Performing the actual backpropagation for features requires calculating partial derivatives of the error with the last convolutional layer to calculate the features and then passing back another partial derivative to the next layer.

Using CNN's for multiple object classification

CNN's are very good at image classification but a lot of medical image analysis does not require classifying a single image but objects or regions of an image in order to show highlight lesions.

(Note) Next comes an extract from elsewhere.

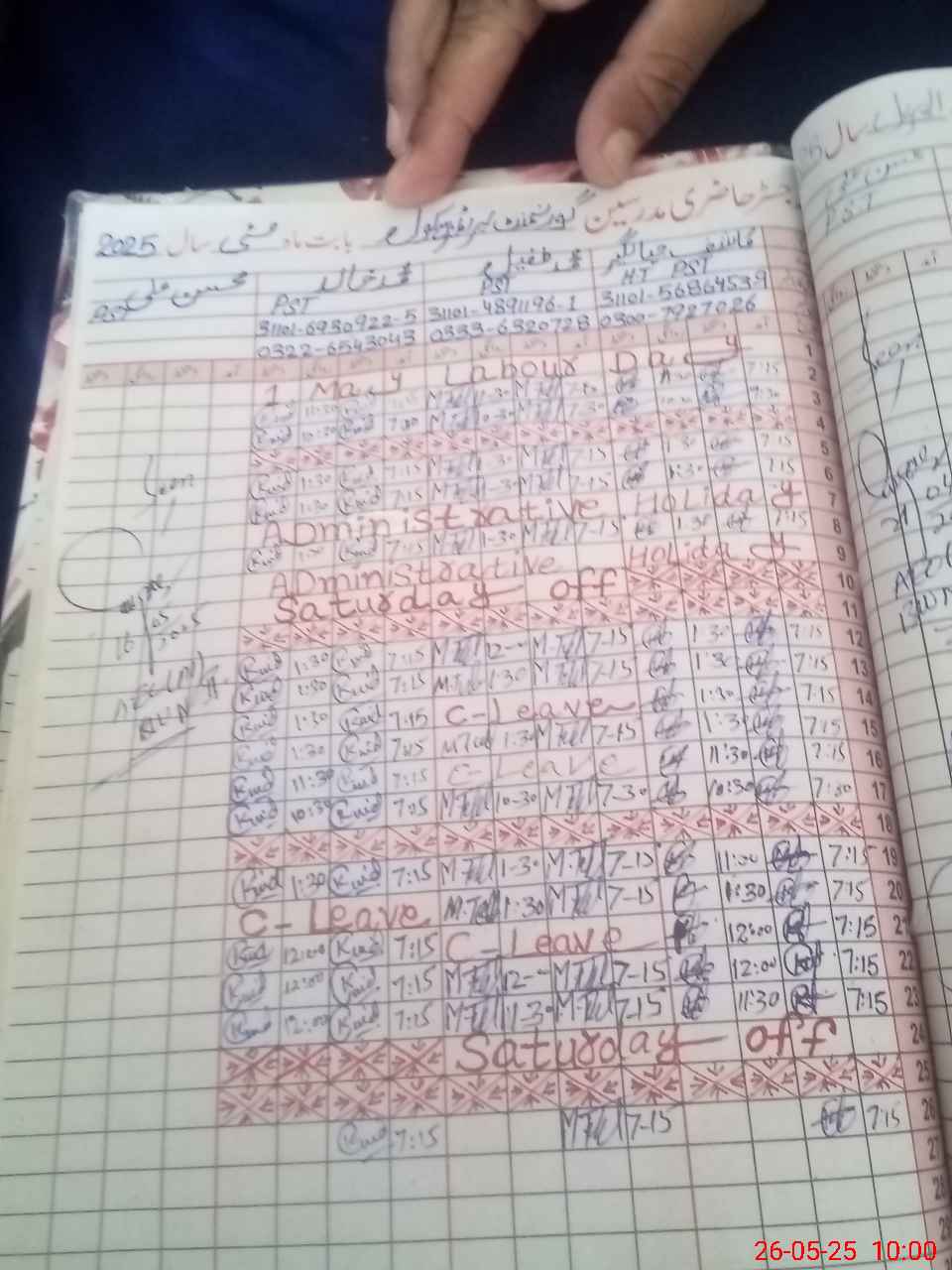 | Leave | Duty | Absent | Maternity | Medical | Ex- Pak |

There has been a lot of research into how best to do this and the first major paper on it was called R-CNN.

CNNs have traditionally been used for image classification, however, in 2014 a paper4 on object detection using CNNs described a technique which enabled CNNs to be used to accurately isolate objects in images. The architecture was titled R-CNN (Regions with CNNs)5.

R-CNN

R-CNN uses a process called selective search to create regions of different sizes it wishes to check for objects.

After creating the propositions, R-CNN makes the region square by warping it and then runs it through a modified version of AlexNet to determine if it is a valid region and then adds a SVM that does the classification.

Finally, R-CNN will try to improve the bounding boxes using linear regression.

There are 2 main reasons why R-CNN can be slow:

  • Every region proposal has to be passed through the CNN to determine if it is valid
  • There are 3 models which need training (CNN for features, classifier and regression model)

2015 saw the author of R-CNN release a new paper on an architecture called Fast R-CNN which improved on R-CNN and solved both of the problems above.

How did he achieve this?

Solving the first issue involved making a single pass through the CNN of the image and then using obtaining features for a region by selecting a region on the CNNs feature map, reducing the number of passes to one.

Solving the second issue meant jointly training the CNN, classifier and regressor in a single model. Now only one network is used as you can see from the image above.

In 2016 an improvement in the regional proposals are made lead to Faster R-CNN. In 2017 Mask R-CNN improved on this and enabled object segmentation and classification.

Impact on Medical Image analysis

Quantitative assessment of lesions provide valuable information for analysis but it requires accurate lesion segmentation in multi-modal 3D images which is hard. Variability in location, size, shape, and frequency make it difficult to devise effective segmentation rules.6

A lot of 3D analysis is done by using a 2D CNN on each individual layer of the 3D one. The results from this are promising.

Full 3D CNN's are computationally expensive due to the 3D convolutions - therefore inference (gaining meaning) is very slow. However in contrast to the 2D/3D hybrids, fully 3D CNNs can use a technique called dense-inference which greatly reduces the times to meaningful inference.

A CNNs performance is influenced by the data it is trained on. A common approach is training on equally sampled images from each class, however, this can bias the classifier to rare types and can lead to over-segmentation. To counter this, two stage training has been introduced where another CNN is trained on a distribution which is similar to the real one but oversampling pixels which were incorrectly classified in the first one. This can lead to overfitting.